Ireland’s 12.5% corporate tax rate is to be increased to 15%, finance minister Paschal Donohoe has confirmed.
He made the announcement following a Cabinet meeting on Thursday, where it was agreed the new tax rate would apply to companies with turnover in excess of 750 million euro.
This will affect 56 Irish multinational companies employing 100,000 people. It will also affect 1,500 foreign-owned multinationals employing 400,000 people.
Ireland has come under increasing pressure to sign up to the Organisation for Economic Co-operation and Development (OECD) deal on global tax reform.
The agreement provides that the minimum effective rate for multinationals with an annual revenue in excess of 750 euro million is 15%
The Finance Minister said he had sought changes to the deal to secure “certainty and stability”.
He added: “I believe we have now reached that point. This is the right decision. It is a sensible and pragmatic decision.
“The Government has given approval for Ireland to sign up to the political agreement at the OECD Inclusive Framework on a new tax framework to address the tax challenges of digitalisation.
“The agreement provides that the minimum effective rate for multinationals with an annual revenue in excess of 750 euro million is 15%.
“We have secured the removal of ‘at least’ in the text.
“This will provide the critical certainty for Government and industry, and will provide the long-term stability and certainty to business in the context of investment decisions.

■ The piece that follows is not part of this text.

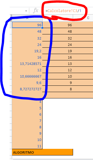 Nella prima colonna [A] viene preso la quantità totale di scudi presenti nell'attacco, e viene diviso in ogni riga da un numero diverso che parte da 1 fino a 11 (quindi il numero di ondate esistenti nel gioco).

For over 160,000 businesses in Ireland with a turnover less than 750 million euro per annum, who employ approximately 1.8 million people, there will be no change to their corporation tax rate of 12.5%
“This 15% rate will apply to 56 Irish multinationals employing approximately 100,000 people and 1,500 foreign-owned MNEs based in Ireland employing approximately 400,000 people.”
Mr Donohoe added: “Furthermore, the vast majority of businesses in Ireland will be outside the scope of this agreement and there will be no change to their corporation tax rate. This is important for the domestic economy and the thousands of SMEs that operate here.
“For over 160,000 businesses in Ireland with a turnover less than 750 million euro per annum, who employ approximately 1.8 million people, there will be no change to their corporation tax rate of 12.5%.”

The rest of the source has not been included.